• Exercise brief: Transcribe the full listing below, word for word, without pictures.

• Supplied information:

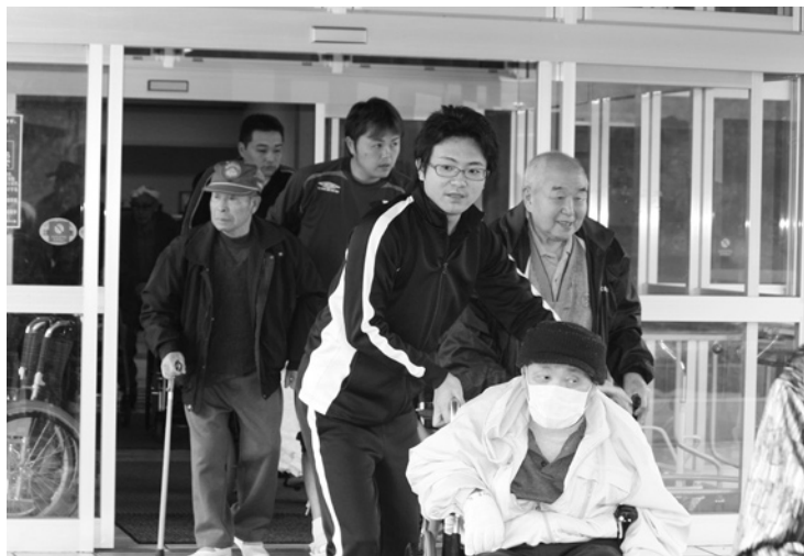
●12 避難訓練をするみろく苑の職員と入所者の皆さん

10月31日、平成22年度田子町消防団防火訓練が、みろく苑敷地内や周辺を会場に行われました。訓練は、大地震により、みろく苑で建物火災が発生したと想定し、みろく苑職員による入所者の避難誘導、田子町消防団の炊き出し訓練、消防ポンプ車両8台によるJ A
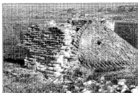
Bodegas subterráneas. Vista posterior
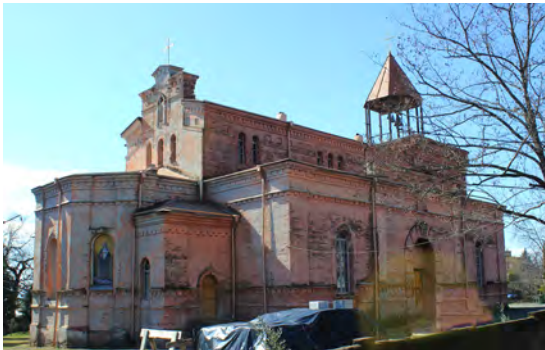
სურ. 18. ყაზანის ღვთისმშობლის ხატის ეკლესია
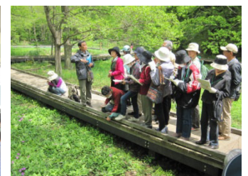
【公民館主催事業の様子】
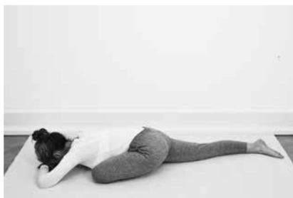
Sovende svane 3 minutter til hver side (side 124)
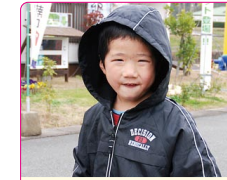
煌良(きら)くん(4歳) A.ゴセイジャー
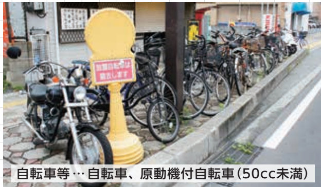
自転車等…自転車、原動機付自転車(50cc未満)

「下関駅にぎわいプロジェクト」により、きれいに生まれ変わった下関駅周辺。しかし、まだ解決されていない問題が1つ…。それは 放置自転車 。歩道上などに放置された自転車等は歩行者にとって迷惑だけでなく、救急活動の妨げとなったり、まちの景観を害したりと、さまざまな問題を引き起こします。
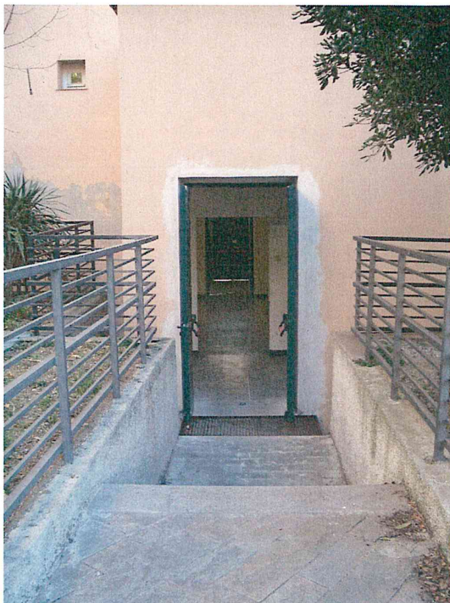
Foto 9 – Particolare Prospetto Sud: portone di ingresso alla scuola/uscita di sicurezza

• Completed exercise:
●12 避難訓練をするみろく苑の職員と入所者の皆さん

10月31日、平成22年度田子町消防団防火訓練が、みろく苑敷地内や周辺を会場に行われました。訓練は、大地震により、みろく苑で建物火災が発生したと想定し、みろく苑職員による入所者の避難誘導、田子町消防団の炊き出し訓練、消防ポンプ車両8台によるJ A
Bodegas subterráneas. Vista posterior
სურ. 18. ყაზანის ღვთისმშობლის ხატის ეკლესია
【公民館主催事業の様子】
Sovende svane 3 minutter til hver side (side 124)
煌良(きら)くん(4歳) A.ゴセイジャー
自転車等…自転車、原動機付自転車(50cc未満)

「下関駅にぎわいプロジェクト」により、きれいに生まれ変わった下関駅周辺。しかし、まだ解決されていない問題が1つ…。それは 放置自転車 。歩道上などに放置された自転車等は歩行者にとって迷惑だけでなく、救急活動の妨げとなったり、まちの景観を害したりと、さまざまな問題を引き起こします。
Foto 9 – Particolare Prospetto Sud: portone di ingresso alla scuola/uscita di sicurezza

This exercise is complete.